Using the data below, return word for word every line from the one holding "Movilidad Sencilla: Gracias" down to the one holding "- Kanalplanung: Aushubberechnung: Bei". Leave pictures out.

[Data for this task — start]

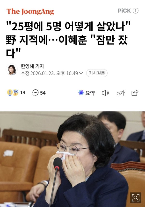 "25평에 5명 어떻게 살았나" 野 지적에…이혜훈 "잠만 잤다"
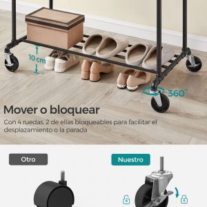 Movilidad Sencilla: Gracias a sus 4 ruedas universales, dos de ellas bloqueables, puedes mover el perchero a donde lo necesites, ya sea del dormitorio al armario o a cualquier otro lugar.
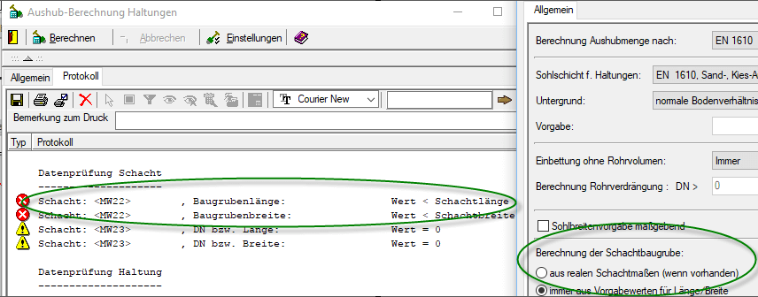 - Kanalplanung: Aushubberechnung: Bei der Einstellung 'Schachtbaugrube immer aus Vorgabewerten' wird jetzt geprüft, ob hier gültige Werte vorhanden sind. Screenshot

[Data for this task — finish]
[Data for this task — start]

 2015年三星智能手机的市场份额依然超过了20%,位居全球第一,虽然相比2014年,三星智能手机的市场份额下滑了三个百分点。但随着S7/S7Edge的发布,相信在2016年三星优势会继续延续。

[Data for this task — finish]
[Data for this task — start]

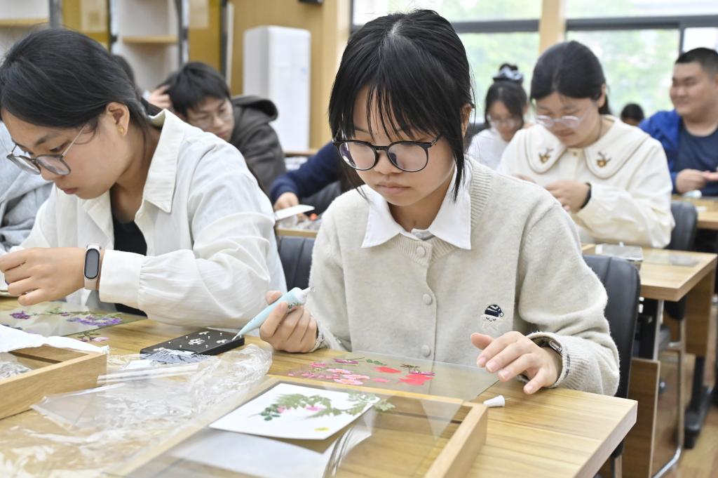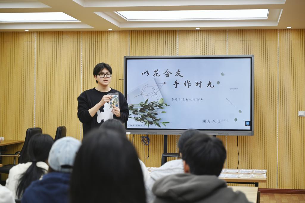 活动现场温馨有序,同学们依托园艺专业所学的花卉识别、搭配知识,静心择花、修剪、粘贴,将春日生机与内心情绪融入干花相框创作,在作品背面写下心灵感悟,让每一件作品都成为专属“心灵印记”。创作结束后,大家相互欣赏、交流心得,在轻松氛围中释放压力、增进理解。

[Data for this task — finish]

▶ **Task result**
 Movilidad Sencilla: Gracias a sus 4 ruedas universales, dos de ellas bloqueables, puedes mover el perchero a donde lo necesites, ya sea del dormitorio al armario o a cualquier otro lugar.
 - Kanalplanung: Aushubberechnung: Bei der Einstellung 'Schachtbaugrube immer aus Vorgabewerten' wird jetzt geprüft, ob hier gültige Werte vorhanden sind. Screenshot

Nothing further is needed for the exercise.